Optical coherence tomography (OCT) is an imaging technique that uses coherent light to capture micrometer-resolution, two- and three-dimensional images from within optical scattering media (e.g., biological tissue). It is used for medical imaging and industrial nondestructive testing (NDT). Optical coherence tomography is based on low-coherence interferometry, typically employing near-infrared light. The use of relatively long wavelength light allows it to penetrate into the scattering medium. Confocal microscopy, another optical technique, typically penetrates less deeply into the sample but with higher resolution.
Depending on the properties of the light source (superluminescent diodes, ultrashort pulsed lasers, and supercontinuum lasers have been employed), optical coherence tomography has achieved sub-micrometer resolution (with very wide-spectrum sources emitting over a ~100 nm wavelength range).
Optical coherence tomography is one of a class of optical tomographic techniques. A relatively recent implementation of optical coherence tomography, frequency-domain optical coherence tomography, provides advantages in signal-to-noise ratio, permitting faster signal acquisition. Commercially available optical coherence tomography systems are employed in diverse applications, including art conservation and diagnostic medicine, notably in ophthalmology and optometry where it can be used to obtain detailed images from within the retina. Recently, it has also begun to be used in interventional cardiology to help diagnose coronary artery disease. It has also shown promise in dermatology to improve the diagnostic process.
Starting from white-light interferometry for in vivo ocular eye measurements imaging of biological tissue, especially of the human eye, was investigated by multiple groups worldwide. A first two-dimensional in vivo depiction of a human eye fundus along a horizontal meridian based on white light interferometric depth scans was presented at the ICO-15 SAT conference in 1990. Further developed in 1990 by Naohiro Tanno, then a professor at Yamagata University, and in particular since 1991 by Huang et al., in Prof. James Fujimoto laboratory at Massachusetts Institute of Technology, optical coherence tomography (OCT) with micrometer resolution and cross-sectional imaging capabilities has become a prominent biomedical tissue-imaging technique; it is particularly suited to ophthalmic applications and other tissue imaging requiring micrometer resolution and millimeter penetration depth. First in vivo OCT images – displaying retinal structures – were published in 1993 and first endoscopic images in 1997. OCT has also been used for various art conservation projects, where it is used to analyze different layers in a painting. OCT has interesting advantages over other medical imaging systems.
Medical ultrasonography, magnetic resonance imaging (MRI), confocal microscopy, and OCT are differently suited to morphological tissue imaging: while the first two have whole body but low resolution imaging capability (typically a fraction of a millimeter), the third one can provide images with resolutions well below 1 micrometer (i.e. sub-cellular), between 0 and 100 micrometers in depth, and the fourth can probe as deep as 500 micrometers, but with a lower (i.e. architectural) resolution (around 10 micrometers in lateral and a few micrometers in depth in ophthalmology, for instance, and 20 micrometers in lateral in endoscopy).

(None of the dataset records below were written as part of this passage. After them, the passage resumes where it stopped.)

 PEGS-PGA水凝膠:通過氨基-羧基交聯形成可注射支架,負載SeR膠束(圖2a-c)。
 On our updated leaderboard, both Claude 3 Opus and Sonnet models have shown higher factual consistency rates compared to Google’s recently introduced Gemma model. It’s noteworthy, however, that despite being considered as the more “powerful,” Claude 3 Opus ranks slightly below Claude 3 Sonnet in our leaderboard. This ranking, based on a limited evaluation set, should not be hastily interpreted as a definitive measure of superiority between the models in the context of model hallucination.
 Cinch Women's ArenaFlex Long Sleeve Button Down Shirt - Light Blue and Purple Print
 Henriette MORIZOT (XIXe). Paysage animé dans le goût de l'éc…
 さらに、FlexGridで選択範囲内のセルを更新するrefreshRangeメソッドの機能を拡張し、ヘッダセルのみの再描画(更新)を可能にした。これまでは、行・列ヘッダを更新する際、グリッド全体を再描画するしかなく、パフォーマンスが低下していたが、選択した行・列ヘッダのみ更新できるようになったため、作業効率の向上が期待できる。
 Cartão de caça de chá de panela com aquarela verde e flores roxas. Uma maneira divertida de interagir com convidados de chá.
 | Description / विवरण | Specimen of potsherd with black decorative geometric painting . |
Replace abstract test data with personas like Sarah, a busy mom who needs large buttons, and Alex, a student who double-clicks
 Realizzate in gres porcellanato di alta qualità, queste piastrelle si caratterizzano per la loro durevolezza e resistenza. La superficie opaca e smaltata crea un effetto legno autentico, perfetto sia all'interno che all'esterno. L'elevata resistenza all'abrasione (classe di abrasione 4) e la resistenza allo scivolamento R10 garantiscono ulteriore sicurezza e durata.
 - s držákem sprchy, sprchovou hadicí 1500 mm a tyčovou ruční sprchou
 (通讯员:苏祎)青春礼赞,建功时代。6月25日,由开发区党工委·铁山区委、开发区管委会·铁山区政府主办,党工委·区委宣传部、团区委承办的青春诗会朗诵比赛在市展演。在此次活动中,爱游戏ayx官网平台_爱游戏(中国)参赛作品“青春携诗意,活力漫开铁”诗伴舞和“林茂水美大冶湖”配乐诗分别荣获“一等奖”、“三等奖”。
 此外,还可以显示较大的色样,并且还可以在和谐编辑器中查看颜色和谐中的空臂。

OCT is based on low-coherence interferometry. In conventional interferometry with long coherence length (i.e., laser interferometry), interference of light occurs over a distance of meters. In OCT, this interference is shortened to a distance of micrometers, owing to the use of broad-bandwidth light sources (i.e., sources that emit light over a broad range of frequencies). Light with broad bandwidths can be generated by using superluminescent diodes or lasers with extremely short pulses (femtosecond lasers). White light is an example of a broadband source with lower power.
Light in an OCT system is broken into two arms—a sample arm (containing the item of interest) and a reference arm (usually a mirror). The combination of reflected light from the sample arm and reference light from the reference arm gives rise to an interference pattern, but only if light from both arms have traveled the “same” optical distance (“same” meaning a difference of less than a coherence length). By scanning the mirror in the reference arm, a reflectivity profile of the sample can be obtained (this is time domain OCT). Areas of the sample that reflect back a lot of light will create greater interference than areas that don’t. Any light that is outside the short coherence length will not interfere. This reflectivity profile, called an A-scan, contains information about the spatial dimensions and location of structures within the item of interest. A cross-sectional tomograph (B-scan) may be achieved by laterally combining a series of these axial depth scans (A-scan). A face imaging at an acquired depth is possible depending on the imaging engine used.